─── Data listing ───

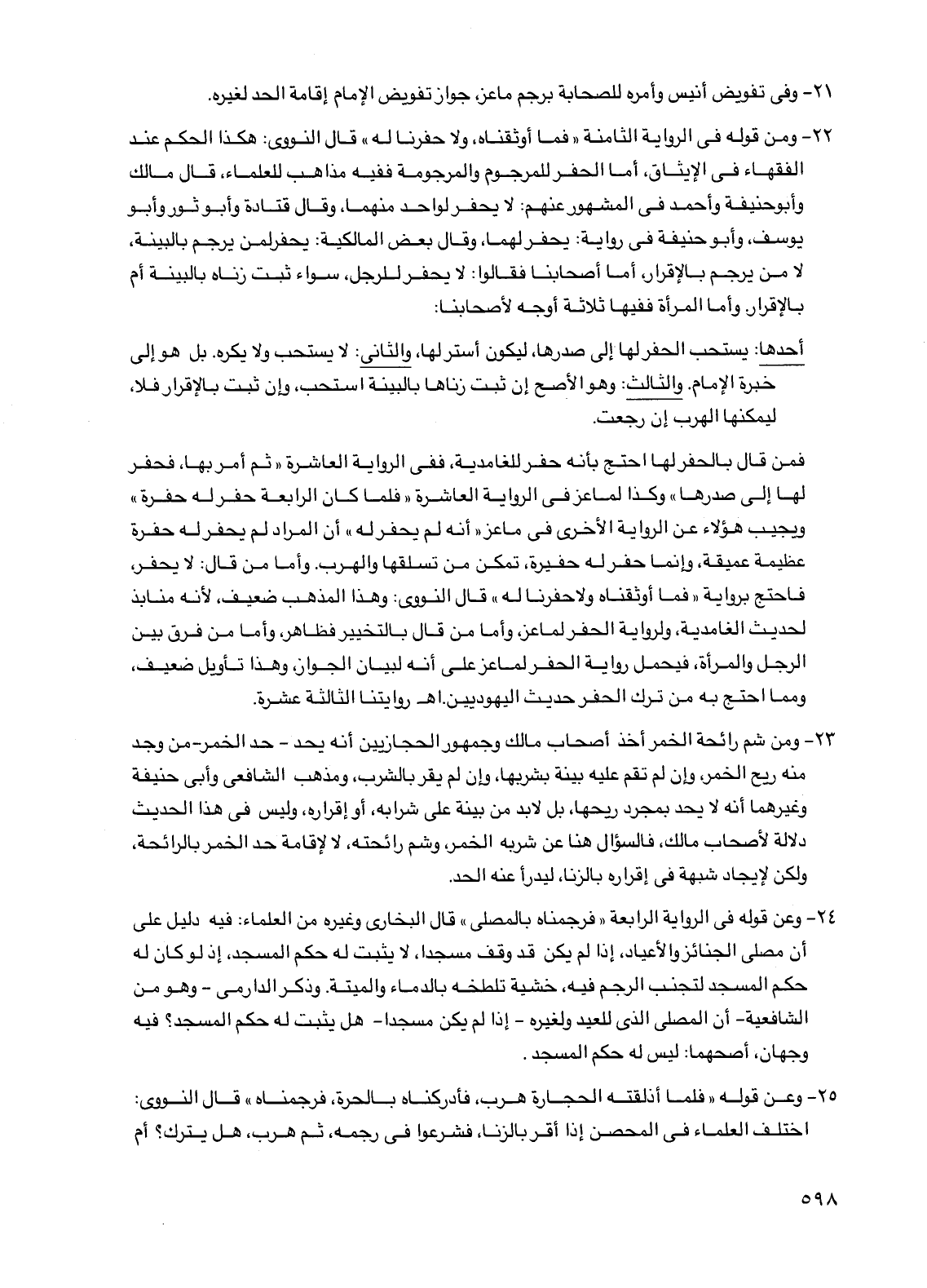 22 - ومن قوله في الرواية الثامنة "فما أوثقناه، ولا حفرنا له" قال النووي: هكذا الحكم عند الفقهاء في الإيثاق، أما الحفر للمرجوم والمرجومة ففيه مذاهب للعلماء، قال مالك وأبو حنيفة وأحمد في المشهور عنهم: لا يحفر لواحد منهما، وقال قتادة وأبو ثور وأبو يوسف، وأبو حنيفة في رواية: يحفر لهما، وقال بعض المالكية: يحفر لمن يرجم بالبينة، لا من يرجم بالإقرار، أما أصحابنا فقالوا: لا يحفر للرجل، سواء ثبت زناه بالبينة أم بالإقرار. وأما المرأة ففيها ثلاثة أوجه لأصحابنا:
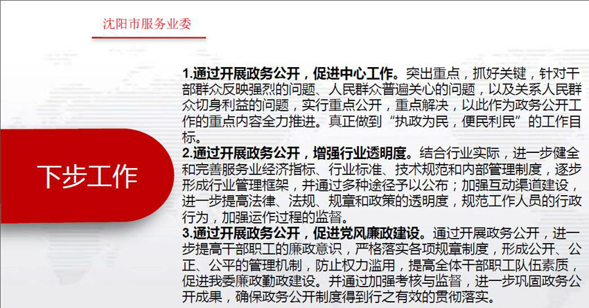 2.通过开展政务公开,增强行业透明度。结合行业实际,进一步健全和完善服务业经济指标、行业标准、技术规范和内部管理制度,逐步形成行业管理框架,并通过多种途径予以公布;加强互动渠道建设,进一步提高法律、法规、规章和政策的透明度,规范工作人员的行政行为,加强运作过程的监督。
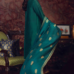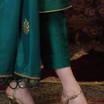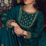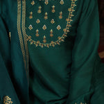 'Amaani' is enriched with high quality silk. It is a straight mid-length emerald green shirt with round neckline and full sleeves. Neckline and sleeves are intricately adorned with kora, dabka, zaari ,aari and regal stones. It is paired with our signature gold screen printed pure silk dupatta with loops finishing.
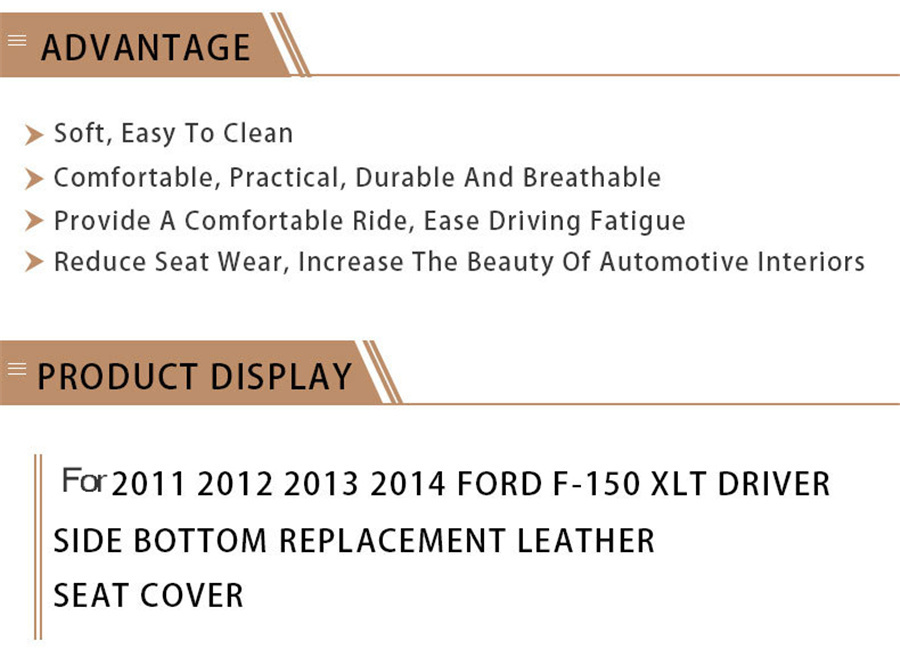 Fitment: For 2011 2012 2013 2014 for Ford F150 XLT Driver Side Bottom Replacement Leather seat cover
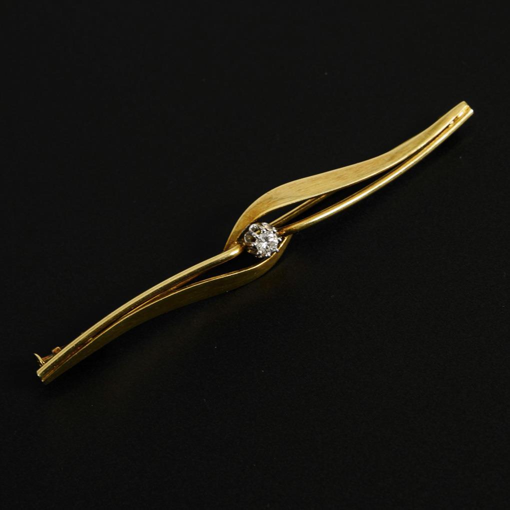 Tested yellow gold/white gold 585. Brilliant approx. 0.10 ct. Brooch L 7 cm. 4,8 g.

───

=== Your task ===
In the entries above, find the line containing "with loops finishing." and the line containing "Fitment: For 2011", then copy both and every line between them exactly, without any picture.

=== Exercise output ===
 'Amaani' is enriched with high quality silk. It is a straight mid-length emerald green shirt with round neckline and full sleeves. Neckline and sleeves are intricately adorned with kora, dabka, zaari ,aari and regal stones. It is paired with our signature gold screen printed pure silk dupatta with loops finishing.
 Fitment: For 2011 2012 2013 2014 for Ford F150 XLT Driver Side Bottom Replacement Leather seat cover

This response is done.